═════ GIVEN MATERIAL
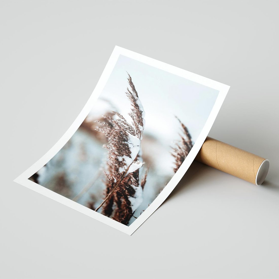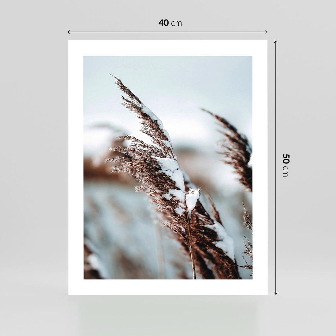 Plakat bez ramy 40x50 - Zima na Suchych Trawach - suche trawy, śnieg wysokich na trawach
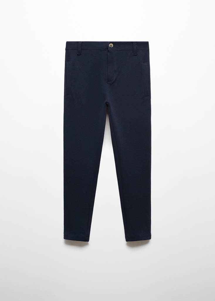 Party, ceremony and communion collection. Straight design. Elasticated waistband. Welt pockets. Two pockets with flaps. Zip and button fastening
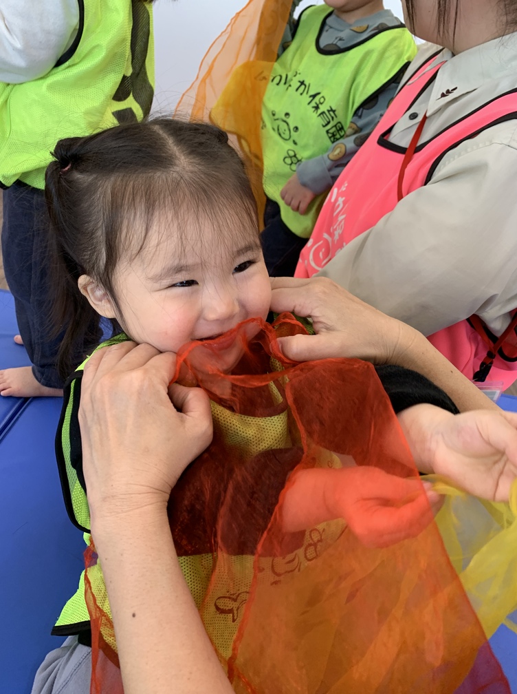 中には、スカーフを顔にあてて「お化粧!」と、みんなでパタパタと楽しそうに真似をする子もいましたよ。
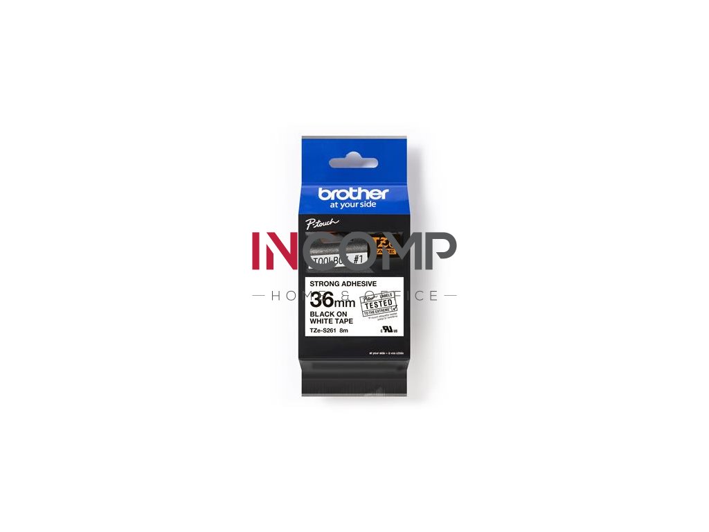 Páska do štítkovača, 36 mm x 8 m, BROTHER, biela-čierna
══════════
Where the line holding "Party, ceremony and" appears, start copying, and continue exactly through the last line of the listing, both ends included, skipping the pictures.

YOUR RESPONSE:
 Party, ceremony and communion collection. Straight design. Elasticated waistband. Welt pockets. Two pockets with flaps. Zip and button fastening
 中には、スカーフを顔にあてて「お化粧!」と、みんなでパタパタと楽しそうに真似をする子もいましたよ。
 Páska do štítkovača, 36 mm x 8 m, BROTHER, biela-čierna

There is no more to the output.